Records provided START

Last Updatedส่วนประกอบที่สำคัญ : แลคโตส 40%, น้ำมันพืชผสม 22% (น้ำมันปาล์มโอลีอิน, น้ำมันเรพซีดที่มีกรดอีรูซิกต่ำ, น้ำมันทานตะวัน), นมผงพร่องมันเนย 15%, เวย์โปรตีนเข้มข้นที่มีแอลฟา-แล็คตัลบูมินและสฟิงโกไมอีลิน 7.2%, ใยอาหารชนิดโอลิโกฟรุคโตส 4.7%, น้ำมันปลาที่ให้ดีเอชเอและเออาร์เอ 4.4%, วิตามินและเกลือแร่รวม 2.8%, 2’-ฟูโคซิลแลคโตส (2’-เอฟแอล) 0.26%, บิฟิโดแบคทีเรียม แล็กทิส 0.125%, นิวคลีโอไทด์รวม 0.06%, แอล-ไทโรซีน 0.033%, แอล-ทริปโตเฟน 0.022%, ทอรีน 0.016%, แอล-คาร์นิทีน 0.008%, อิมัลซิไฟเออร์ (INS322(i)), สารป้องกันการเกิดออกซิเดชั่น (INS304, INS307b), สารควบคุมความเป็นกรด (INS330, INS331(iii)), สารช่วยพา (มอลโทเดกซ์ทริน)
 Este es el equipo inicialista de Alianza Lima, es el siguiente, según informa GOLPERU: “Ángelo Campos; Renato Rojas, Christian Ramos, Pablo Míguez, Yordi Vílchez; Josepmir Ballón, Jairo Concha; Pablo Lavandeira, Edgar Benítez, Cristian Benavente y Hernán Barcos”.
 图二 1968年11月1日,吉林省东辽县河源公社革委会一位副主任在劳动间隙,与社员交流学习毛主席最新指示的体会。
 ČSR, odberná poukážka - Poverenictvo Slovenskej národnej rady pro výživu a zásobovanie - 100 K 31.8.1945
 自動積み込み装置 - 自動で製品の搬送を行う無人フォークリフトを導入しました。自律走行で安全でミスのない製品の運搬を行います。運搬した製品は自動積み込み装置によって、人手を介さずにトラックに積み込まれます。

Records provided END
Records provided START

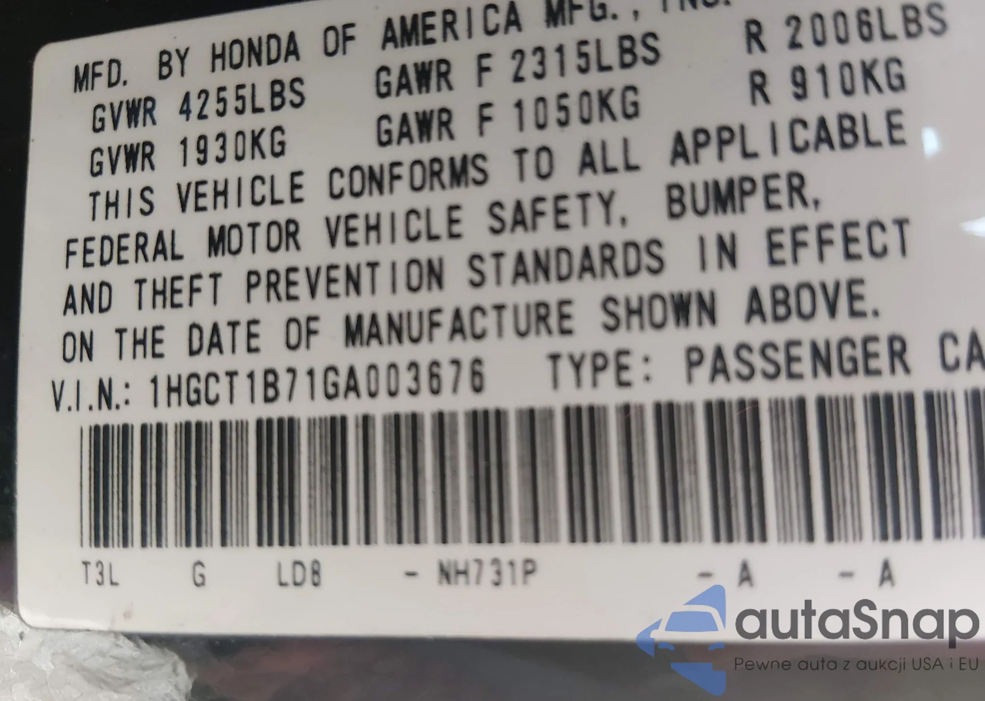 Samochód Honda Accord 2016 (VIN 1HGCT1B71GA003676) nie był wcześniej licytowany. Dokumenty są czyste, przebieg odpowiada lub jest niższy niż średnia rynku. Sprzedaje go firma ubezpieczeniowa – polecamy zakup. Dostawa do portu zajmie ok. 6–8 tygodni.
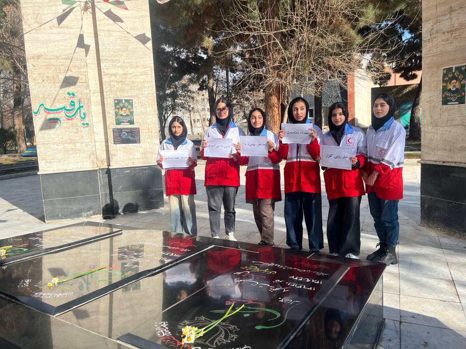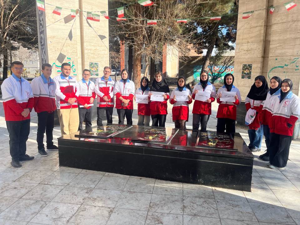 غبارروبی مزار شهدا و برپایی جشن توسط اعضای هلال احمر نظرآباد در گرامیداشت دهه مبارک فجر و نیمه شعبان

Records provided END
Records provided START

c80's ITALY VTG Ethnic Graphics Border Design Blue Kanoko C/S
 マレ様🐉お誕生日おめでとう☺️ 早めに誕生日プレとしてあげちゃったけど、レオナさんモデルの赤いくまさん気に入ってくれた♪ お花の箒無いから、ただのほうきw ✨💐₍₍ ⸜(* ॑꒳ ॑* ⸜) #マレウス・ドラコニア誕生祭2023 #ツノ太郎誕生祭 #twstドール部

Records provided END

> **What you have to do**
The entries above hold the needed span. Transcribe exactly the lines from the one with "c80's ITALY VTG" to the one with "#マレウス・ドラコニア誕生祭2023 #ツノ太郎誕生祭 #twstドール部", both included.

> **Reply to the exercise**
c80's ITALY VTG Ethnic Graphics Border Design Blue Kanoko C/S
 マレ様🐉お誕生日おめでとう☺️ 早めに誕生日プレとしてあげちゃったけど、レオナさんモデルの赤いくまさん気に入ってくれた♪ お花の箒無いから、ただのほうきw ✨💐₍₍ ⸜(* ॑꒳ ॑* ⸜) #マレウス・ドラコニア誕生祭2023 #ツノ太郎誕生祭 #twstドール部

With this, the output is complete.